(TASK BRIEF) Would you please return the lines of the entries below starting at the line that has "二月二,龙抬头。3月14日,西华县女娲城" and ending at the line that has "普通かなーと思ったのでファーキャップで遊びを加えました!꒰✩⌯௰⌯꒱◞ そんなとことです! それでは〜", both included, exactly as they are?

(MATERIAL PROVIDED)
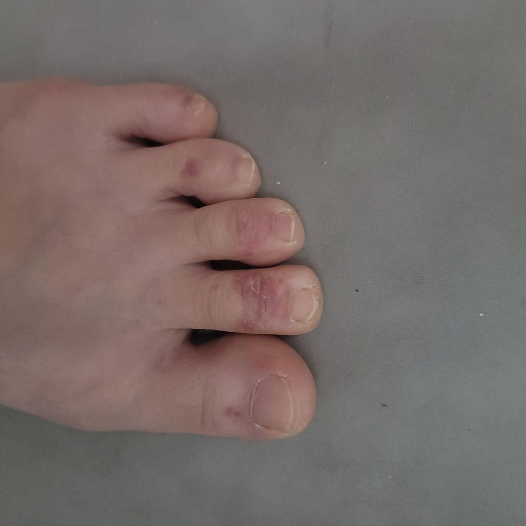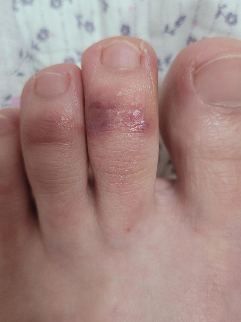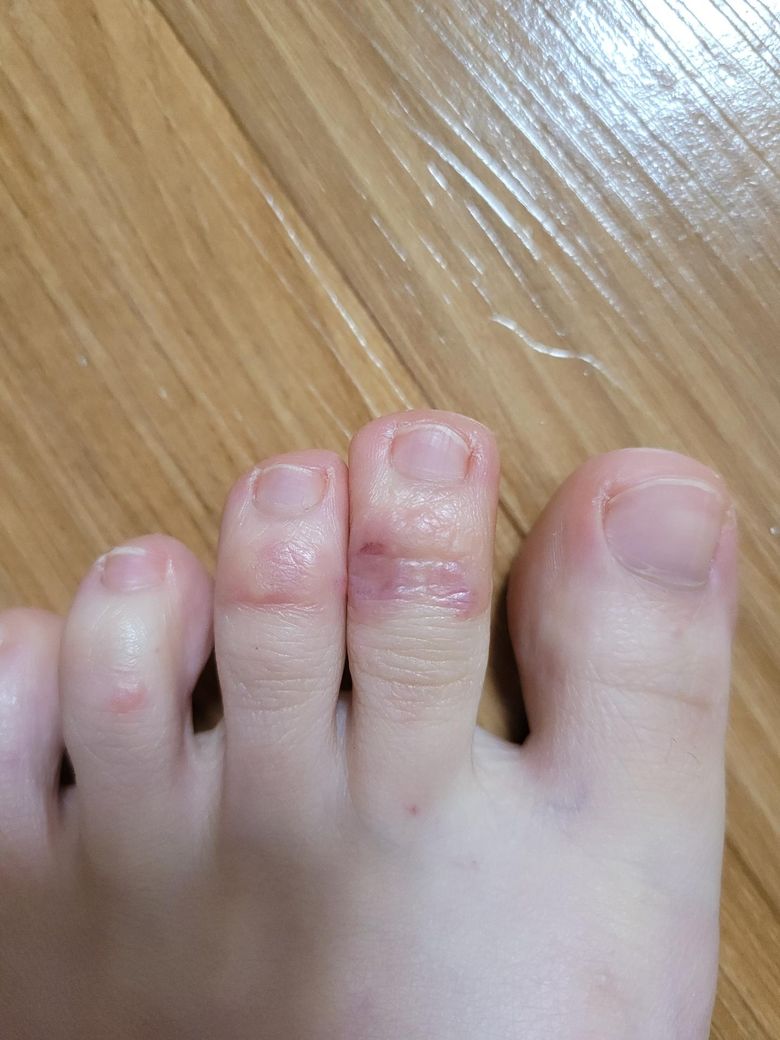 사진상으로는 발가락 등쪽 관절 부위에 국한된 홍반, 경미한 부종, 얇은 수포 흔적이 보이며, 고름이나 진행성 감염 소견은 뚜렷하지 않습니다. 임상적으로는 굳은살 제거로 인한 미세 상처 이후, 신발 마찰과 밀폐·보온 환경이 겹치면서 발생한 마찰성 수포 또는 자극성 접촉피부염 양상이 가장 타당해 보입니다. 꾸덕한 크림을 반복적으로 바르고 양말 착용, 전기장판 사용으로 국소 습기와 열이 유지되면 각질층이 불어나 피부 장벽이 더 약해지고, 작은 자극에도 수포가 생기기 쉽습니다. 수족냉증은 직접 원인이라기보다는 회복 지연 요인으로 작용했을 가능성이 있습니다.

---

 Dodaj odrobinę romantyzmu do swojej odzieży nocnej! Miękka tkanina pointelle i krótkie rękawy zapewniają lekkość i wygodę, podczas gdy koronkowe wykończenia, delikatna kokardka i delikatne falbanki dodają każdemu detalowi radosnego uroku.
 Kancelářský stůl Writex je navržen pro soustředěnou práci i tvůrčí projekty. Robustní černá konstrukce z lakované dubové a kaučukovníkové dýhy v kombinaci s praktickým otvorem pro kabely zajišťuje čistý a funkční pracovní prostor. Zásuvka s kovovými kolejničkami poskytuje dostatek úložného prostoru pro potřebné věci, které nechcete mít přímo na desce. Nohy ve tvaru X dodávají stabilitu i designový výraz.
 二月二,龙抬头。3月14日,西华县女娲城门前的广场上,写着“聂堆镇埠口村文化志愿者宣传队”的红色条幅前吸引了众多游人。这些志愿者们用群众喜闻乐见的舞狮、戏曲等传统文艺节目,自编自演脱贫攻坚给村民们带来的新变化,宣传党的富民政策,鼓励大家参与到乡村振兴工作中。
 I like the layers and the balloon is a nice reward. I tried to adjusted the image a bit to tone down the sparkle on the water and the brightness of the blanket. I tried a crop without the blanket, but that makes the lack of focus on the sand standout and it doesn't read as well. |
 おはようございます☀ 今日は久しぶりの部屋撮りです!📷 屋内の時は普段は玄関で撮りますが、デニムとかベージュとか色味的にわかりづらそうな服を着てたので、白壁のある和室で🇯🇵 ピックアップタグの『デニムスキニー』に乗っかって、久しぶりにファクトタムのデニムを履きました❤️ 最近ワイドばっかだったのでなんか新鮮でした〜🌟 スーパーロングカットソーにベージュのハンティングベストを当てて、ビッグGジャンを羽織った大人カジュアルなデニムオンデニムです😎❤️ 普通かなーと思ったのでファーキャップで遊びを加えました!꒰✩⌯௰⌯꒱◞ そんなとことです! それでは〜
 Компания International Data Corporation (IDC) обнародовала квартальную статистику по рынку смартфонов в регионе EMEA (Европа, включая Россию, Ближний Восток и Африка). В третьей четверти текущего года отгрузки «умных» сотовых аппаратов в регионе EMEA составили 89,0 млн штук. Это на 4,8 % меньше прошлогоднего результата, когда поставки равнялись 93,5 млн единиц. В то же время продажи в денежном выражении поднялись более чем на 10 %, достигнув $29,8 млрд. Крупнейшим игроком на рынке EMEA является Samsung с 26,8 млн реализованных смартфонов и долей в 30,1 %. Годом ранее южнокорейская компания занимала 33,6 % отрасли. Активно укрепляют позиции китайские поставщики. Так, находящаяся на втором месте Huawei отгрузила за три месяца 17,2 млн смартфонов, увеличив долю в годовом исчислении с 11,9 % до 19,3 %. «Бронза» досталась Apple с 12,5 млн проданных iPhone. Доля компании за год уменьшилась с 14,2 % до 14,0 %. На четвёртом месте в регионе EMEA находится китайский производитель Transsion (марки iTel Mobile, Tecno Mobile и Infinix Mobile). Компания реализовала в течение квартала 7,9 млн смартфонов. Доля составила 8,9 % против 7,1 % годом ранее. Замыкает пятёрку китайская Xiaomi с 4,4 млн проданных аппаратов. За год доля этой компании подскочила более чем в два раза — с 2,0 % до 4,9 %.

(SOLUTION)
 二月二,龙抬头。3月14日,西华县女娲城门前的广场上,写着“聂堆镇埠口村文化志愿者宣传队”的红色条幅前吸引了众多游人。这些志愿者们用群众喜闻乐见的舞狮、戏曲等传统文艺节目,自编自演脱贫攻坚给村民们带来的新变化,宣传党的富民政策,鼓励大家参与到乡村振兴工作中。
 I like the layers and the balloon is a nice reward. I tried to adjusted the image a bit to tone down the sparkle on the water and the brightness of the blanket. I tried a crop without the blanket, but that makes the lack of focus on the sand standout and it doesn't read as well. |
 おはようございます☀ 今日は久しぶりの部屋撮りです!📷 屋内の時は普段は玄関で撮りますが、デニムとかベージュとか色味的にわかりづらそうな服を着てたので、白壁のある和室で🇯🇵 ピックアップタグの『デニムスキニー』に乗っかって、久しぶりにファクトタムのデニムを履きました❤️ 最近ワイドばっかだったのでなんか新鮮でした〜🌟 スーパーロングカットソーにベージュのハンティングベストを当てて、ビッグGジャンを羽織った大人カジュアルなデニムオンデニムです😎❤️ 普通かなーと思ったのでファーキャップで遊びを加えました!꒰✩⌯௰⌯꒱◞ そんなとことです! それでは〜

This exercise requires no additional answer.